Deep perceptual hashing is not robust to adversarial detection avoidance attacks

Perceptual-hashing based client-side scanning is promoted by governments and technology companies as a privacy-preserving solution to detect illegal content on end-to-end encrypted platforms. The client-side scanning solutions, if deployed, would scan the media (such as images and videos) on the user device before they are encrypted and sent on a messaging platform (e.g. WhatsApp or Signal) or uploaded to a cloud service (e.g. iCloud). In a paper presented this week at 31st USENIX Security Symposium in Boston, USA we show that existing perceptual hashing algorithms are not robust to adversarial evasion attacks. More specifically, an attacker with only black-box access to the system could modify an image such that the modified image evades detection by the client-side scanning system while remaining visually similar to the original illegal image.

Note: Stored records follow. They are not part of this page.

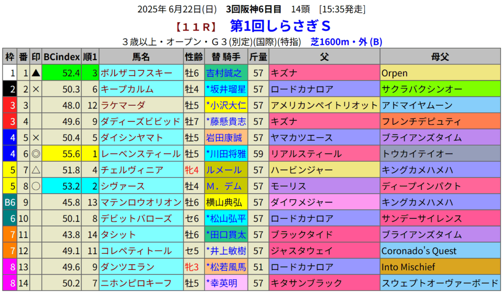 これまでの米子Sが重賞レースとなりG3と格付けされました。指数1位はレーベンスティールです。マイル経験がないだけに血統面だけの適性になっていますが、こういう時は指数2位の馬も軸にしたいと思います。シヴァースのいとこのディヴィーナは一昨年のこのレースの勝ち馬です。血が騒ぎます。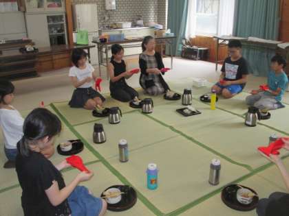 茶道の基本動作や礼儀作法についてなど,落ち着いて,それでいて真剣な空気の中,子どもたちは茶道の世界に触れていました。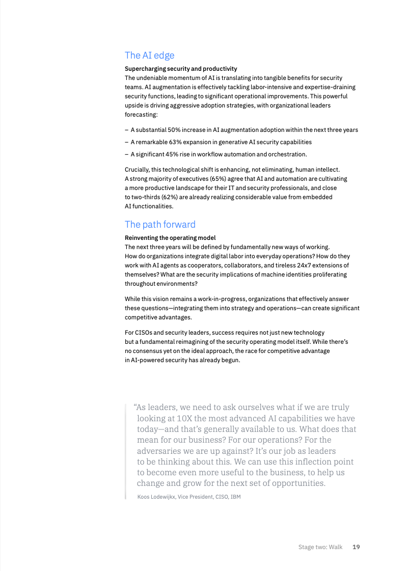 未来网络安全的竞争焦点正从被动防御转向自主智能运营。数据预示,企业安全模式将从以人为核心转向以AI代理为核心,实现威胁的自主预测、决策与响应。领跑企业与追赶者之间的差距,将取决于其能否将AI从战术工具提升为战略核心,构建能够自我修复和进化的集成化风险抵御体系。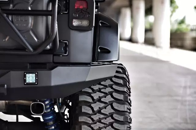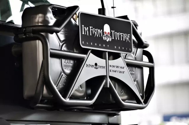 KING绞牙减震与氮气阻尼的搭配,面对任何路况,均可从容应对。FUEL BEAST 系列轮毂自面世以来,极具质感的配色以及大气五辐造型,早已深入人心。 20X12J , ET: - 48 的数据,搭配38X15.5 R20的MICKEY THOMPSON 轮胎,足够的宽度才能搭配超宽的“劳拉轮眉”。然而,如此尺寸的轮胎必定让尾门“不堪重负”。为排解这一尴尬,我们配备了TOPFIRE定制油桶架,管制造型足够轻盈,为尾门减负不少,同时可携带两只SCEPTER军用油桶,40L的容量让驾车外出远行再无后顾之忧。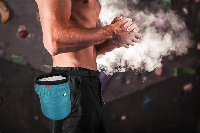 - DRAWSTRING STYLE: It is designed with the drawstring to open or close the bag, which makes more easy to access to the chalk and keeping loose chalk inside from spilling out.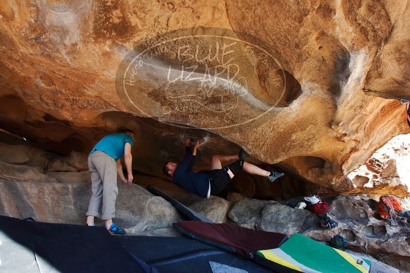 Blue Lizard Climbing and Yoga Hueco Tanks guiding on March 17, 2019, with Austin, MJ, Zak, Brian, and Lauren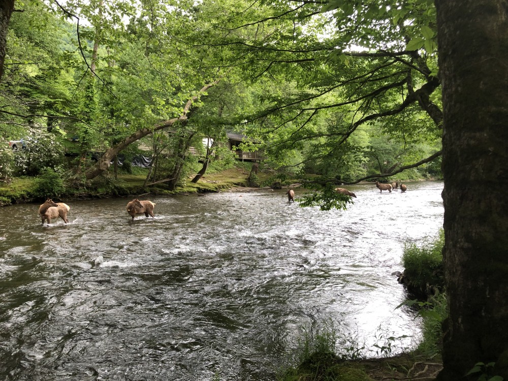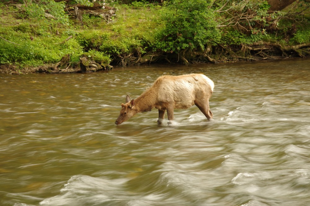 Since it was still bright, we went down the Oconaluftee River Trail. We walked and walked and met a deer in the creek, a herd of deers actually. That scene was touching for some reason.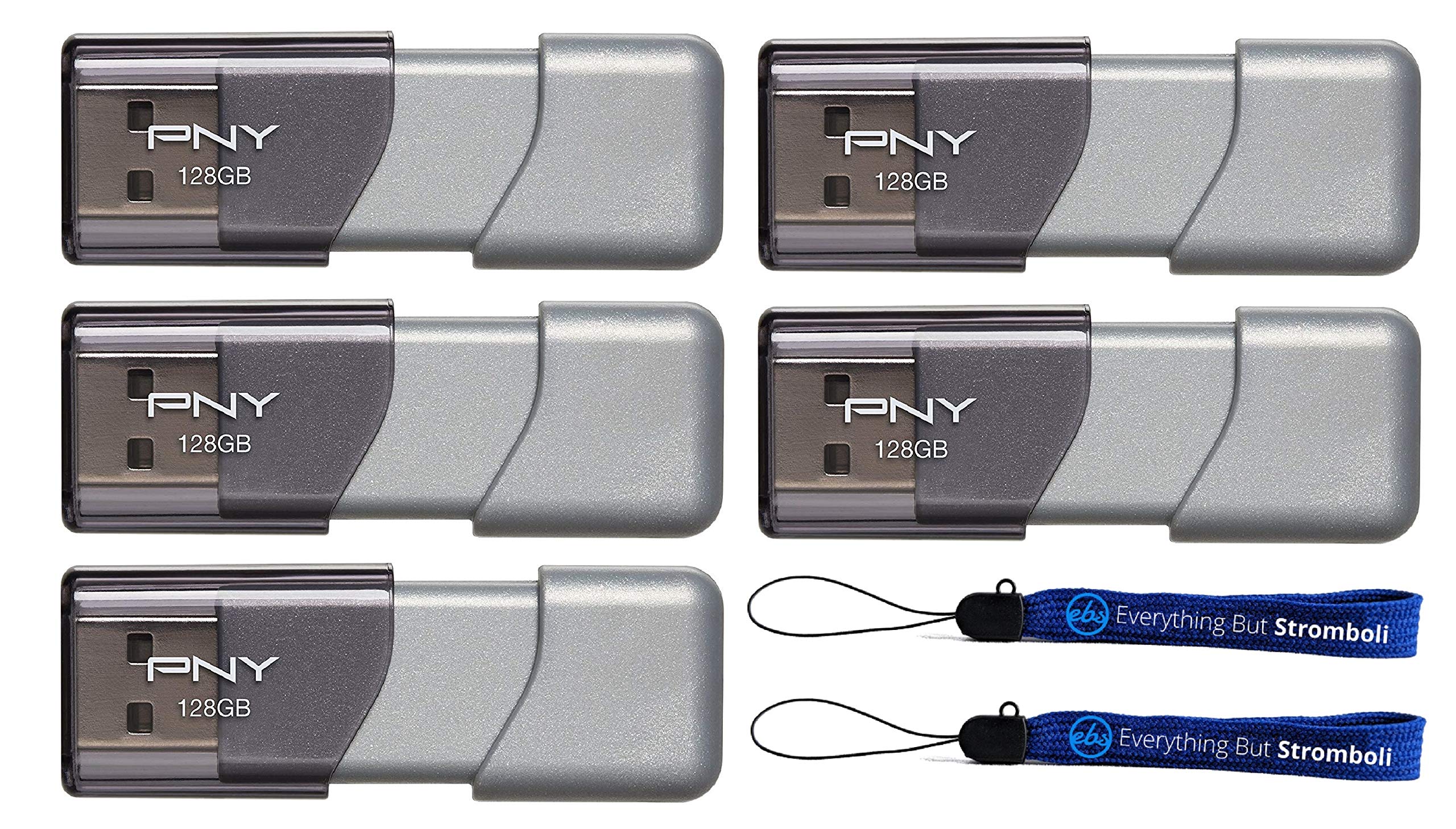 PNY 128 GB USB 3.0 Flash-Laufwerk Elite Turbo Attache 3 (5er-Pack) Modell P-FD128TBOP-GE im Bundle mit (2) Everything But Stromboli Lanyards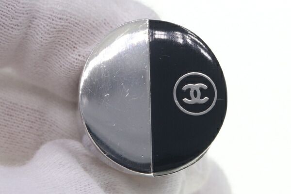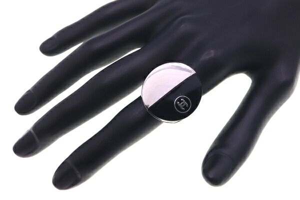 シャネルリングシルバーブラックメタルUSサイズ6.5-7/13号新品指輪アクセサリーココマークバイカラーレディースCHANEL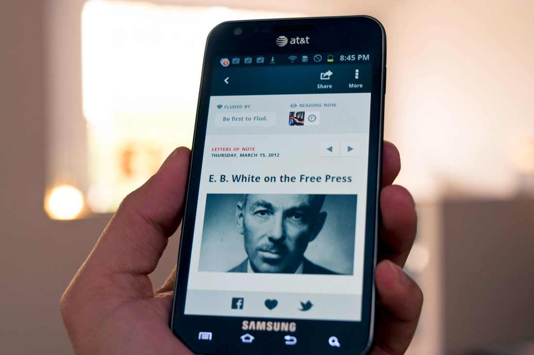 Above: Flud, running here on Android, is one of a new breed of user-friendly newsreaders that put popular bloggers on an equal footing with traditional media for the news consumer’s attention. Image courtesy Flud.

We here extend these results to deep perceptual hashing algorithms, perceptual hashing algorithms learned by machine learning models. NeuralHash which was proposed by Apple as part of their client-side scanning solution is a deep perceptual hashing algorithm. More specifically we demonstrate the applicability of the attack against the winning model of Facebook’s Image Similarity Challenge 2021 by Shuhei Yokoo. Based on EfficientNetv2, the Yokoo model outputs a 256-sized embedding for each image. In line with the strategy used by NeuralHash, we turn Yokoo’s embeddings into a 256-bit binary hash using a locality-sensitive hashing algorithm and use the normalized Hamming distance for detection. We call this the Yokoo hash.

Detecting illegal content using client-side scanning requires finding the illegal content and minimizing the number of false positives. This is done using a threshold, any image at a distance $≤ T$ from an illegal image would be flagged as illegal. We here picked three thresholds such that the lowest threshold would result in 1% of false positives against a database of size 1 million, while the second and third one would result in 10% and 20% false positives¹.

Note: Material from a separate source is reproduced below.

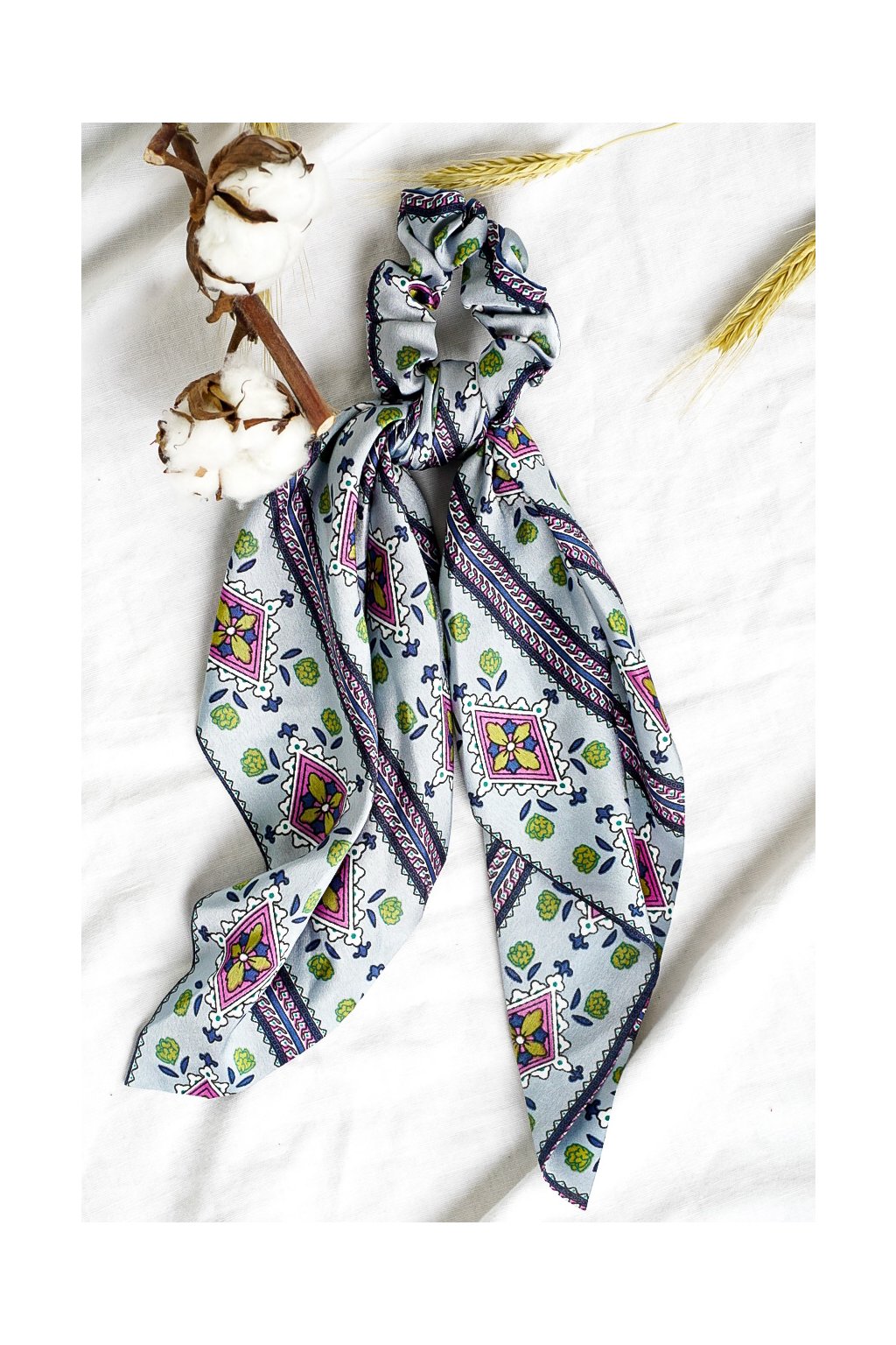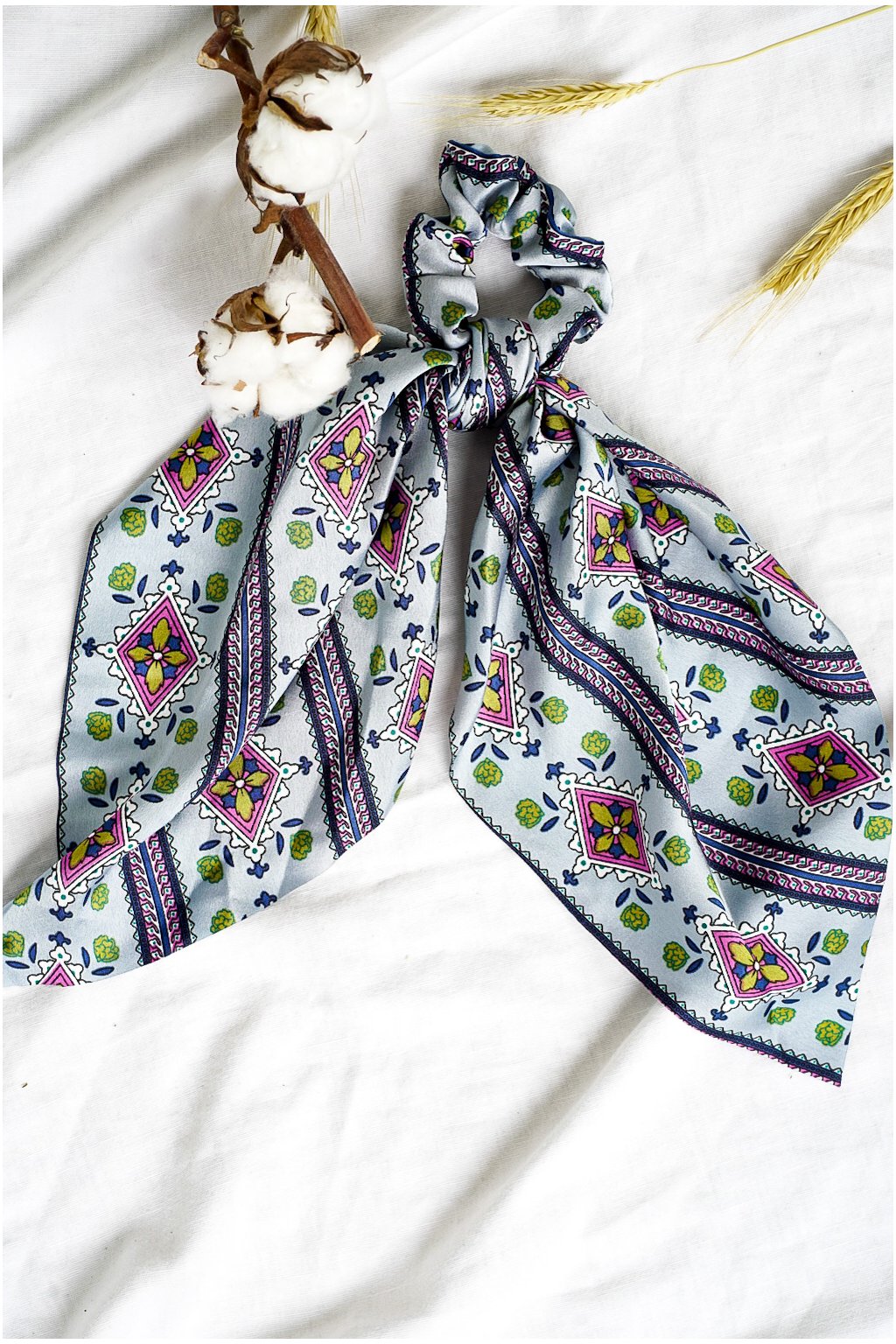 Veľká retro gumička do vlasov z modrej saténovej látky s farebnou potlačou a dlhou odoberateľnou mašľou.

CDF of the L2 per pixel of the perturbations for different thresholds and hashing algorithms. — Fig. 1: Cumulative distribution function (CDF) for the $L_2$ perturbations for different algorithms and thresholds and for 100 successfully attacked images.

We performed our attack on 100 random images from the ISC 2021 reference dataset and different thresholds, succeeding in finding a perturbation 100% of the time. Figure 1 shows the results of our attack against Yokoo (directly using embeddings for matching) and Yokoo Hash model. To quantify the visual difference between the original and modified image obtained using our attack, we report the $L_2$ distance between the two, normalized over the number of pixels (to enable comparison across images of different sizes).

Fig. 2: Examples of original and modified images for different hashing functions. All modified images evade detection for the threshold T while maintaining a small L2 perturbation per pixel and high visual similarity to the original image. — Fig. 2: Examples of original and modified images for different hashing functions. All modified images evade detection for the threshold $T$ while maintaining a small $L_2$ perturbation per pixel and high visual similarity to the original image.

Our results show that the attack² works very well, as the hash of an illegal image can be pushed away from the original with very small changes to the image. We can see that for the lowest threshold (yielding an FPR of 1% and typical of what is likely to be used in practice), more than 71% of the modified images differ by less than 0.1 from the original for Yokoo (73% for Yokoo hash). As the threshold increases, a larger perturbation would have to be added, e.g., for the largest threshold, 43% of images would differ by an $L_2$ perturbation per pixel of 0.1 for Yokoo Hash (correspondingly 31% for Yokoo). Figure 2 shows that the modified images would evade detection while remaining visually similar to the original image. In practice, the lowest threshold we attack would result in almost 45M images being falsely flagged (and possibly decrypted) daily. While the number of images flagged would go up to 450M (1 in every 10 images sent) and 900M (1 in every 5 images sent) for the largest two thresholds respectively³.

Taken together, our results show that the state-of-the-art deep hashing algorithm for image copy detection is vulnerable to evasion attacks.

To cite this blogpost, please use the following:

@article{wong2022blogpost,
  title={Blogpost: Deep perceptual hashing is not robust to adversarial detection avoidance attacks.},
  author={Wong, Avril and Jain, Shubham and Cretu, Ana-Maria and de Montjoye, Yves-Alexandre},
  year={2022}
}

The false positive rate was calculated by using ISC 2021 training dataset as a set of query images, and ISC 2021 reference dataset as the database. ↩︎
To speed up the attack, here we use slightly different attack parameters compared to our attack on shallow perceptual hashing algorithms (i.e. pHash, aHash, dHash and PDQ). More precisely, we set the momentum parameter ($\mu$) for gradient calculation as 0.1, step size for updating perturbation ($\eta$) as 0.04, initial maximum allowed perturbation ($\epsilon_0$) as 0.2, and step size for incrementing the perturbation budget ($\eta_{\epsilon}$) as 0.01. Details of these parameters and the attack algorithm can be found in our USENIX paper. ↩︎
WhatsApp reported 4.5 billion images were shared on its platform daily, and we report numbers assuming the prevalence rate of illegal content to be 0.0001. ↩︎